It was but a Christian duty that I should instruct and edify the poor benighted heathen. No one besides us two were near to witness the good deed; so as he sat on his haunches and continued gazing up into my face expectantly, I slung my satchel on the handle-bars, emptied into it a few things from my pockets, levelled off a little sandy space on the ground, and showed "Hanson" by a single object lesson how the "clevah" thing was done.
The benighted one took very kindly to my humble Christian endeavour.
"Well, 'Hanson,'" said I, taking up my satchel and replacing the articles, "do you think you could manage it? Tell you what; suppose you stand alonga upside down, then this other fat—one stick of tobacco I give it. Savee?"
"Hanson" saveed.
"Me do it all right, I think," he said, scrambling from his squat, and valorously stepping over to the small clear space.

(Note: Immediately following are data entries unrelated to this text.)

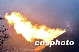 圖:重慶開縣天然氣井噴事故24日晚井噴現(xiàn)場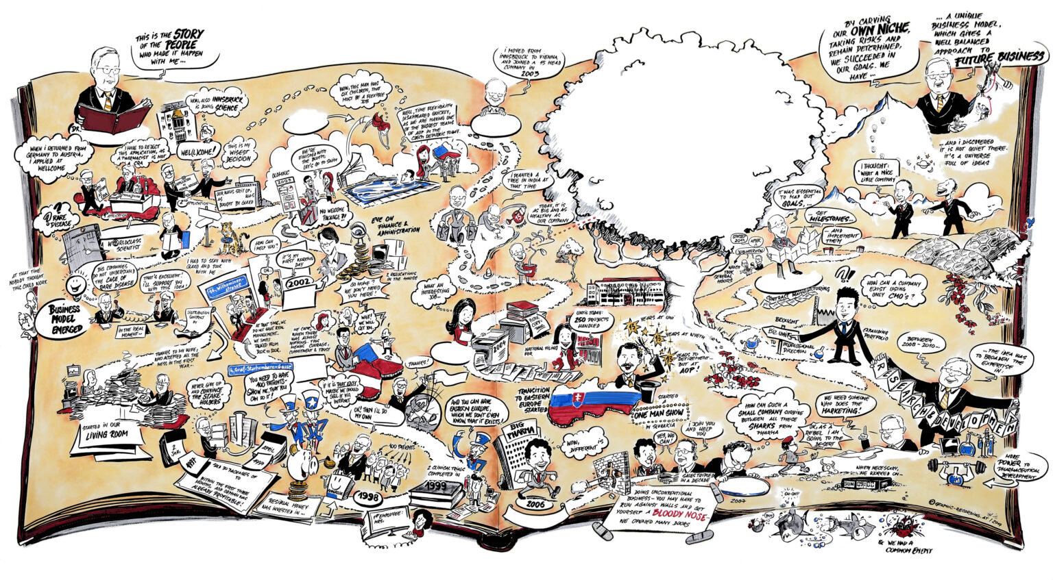 Anlässlich eines Firmenjubiläums wurden zahlreiche Eckdaten der Unternehmensgeschichte und Anekdoten als Graphic-Recording festgehalten. In einem weiteren Schritt wurde dieses in ein detailliertes Rich-picture weiterentwickelt.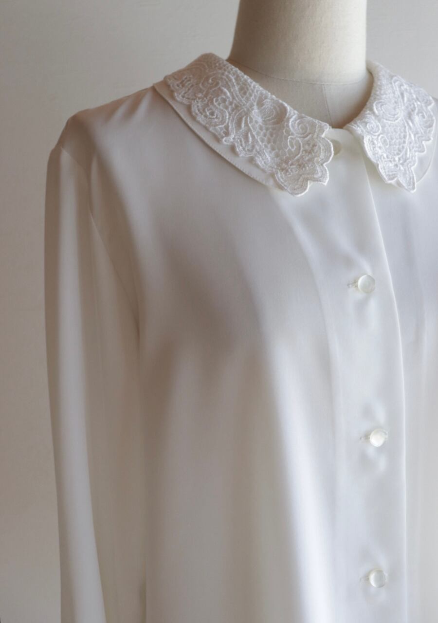 襟元のレースがポイント。一枚でもレイヤードで襟を出してととても活躍できる1着です。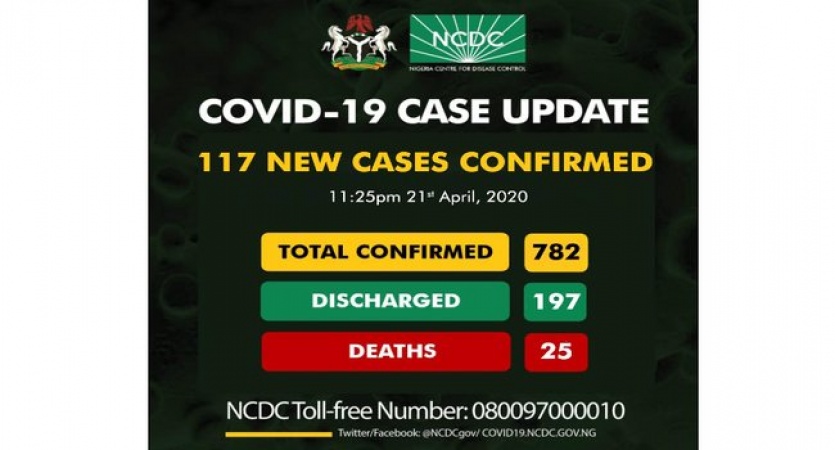 Nigeria on Tuesday saw her COVID-19 cases leaing to 782.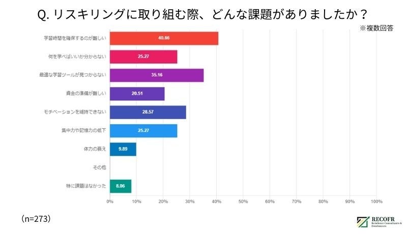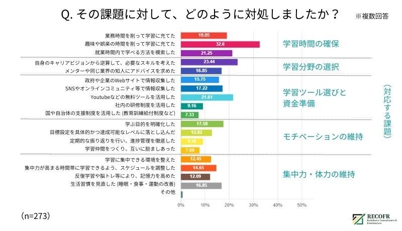 リスキリングに取り組む上で、最も多かった課題は「学習時間を確保するのが難しい(40.7%)」でした。対処法として「趣味や娯楽の時間を削って学習に充てた」と答えた方が多く、他にも「就業時間内で学べる方法を模索した」など工夫が見られました。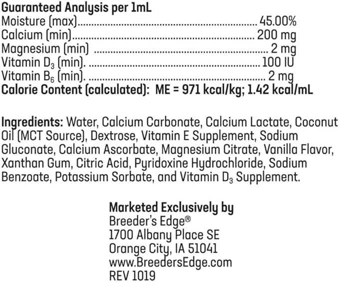 Ingredients: Water, Calcium Carbonate, Calcium Lactate, Coconut Oil (MCT Source), Dextrose, Vitamin E Supplement, Sodium Gluconate, Calcium Ascorbate, Magnesium Citrate, Vanilla Flavor, Xanthan Gum, Citric Acid, Pyridoxine Hydrochloride, Sodium Benzoate, Potassium Sorbate, and Vitamin D3 Supplement.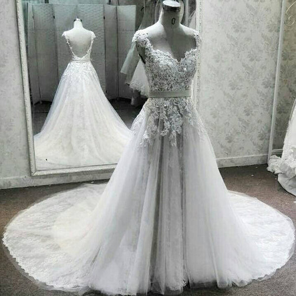 Sweetheart Gorgeous Open Back Applique Long Wedding Party Dresses, WG601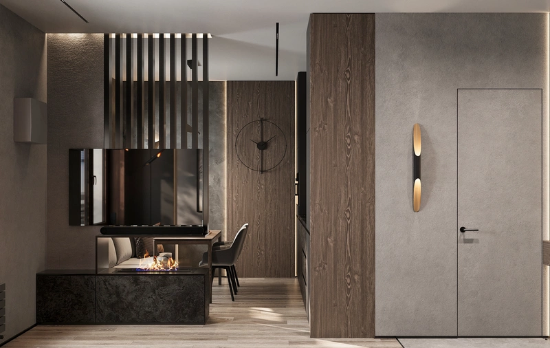 Изначально квартира от застройщика была единым открытым пространством без перегородок, поэтому ключевая задача — не «нарезать» метры, а собрать понятную логику: где встречаем гостей, где отдыхаем, а где можно спокойно работать. Мы не делали перепланировку, но выполнили грамотное зонирование: возвели перегородку, которая разделила квартиру на общественную часть (прихожая + кухня-гостиная) и приватную (спальня). В спальне добавили раздвижную стеклянную перегородку, чтобы выделить кабинет без потери света и ощущения объёма. А в кухне-гостиной появилась перегородка-тумба с паровым камином — она работает и как акцент, и как функциональный разделитель пространства.

There he went down on all fours, and jambing his head on the ground sought to invert himself. He was far from succeeding the first time he tried, or the second, but needed not the slightest word of encouragement from me to try and try and try again.
"Here 'Hanson,'" said I at last, compassionately, "knock off. You'll be suffocating yourself. Besides, I want to ask you which way track go."
But he had taken it very much to heart, this feat of standing on his head, and was bent on its achievement.
"Which way track go?" I said again.
"Me do it this time all right, I think;" and was "this time" just as near success as before.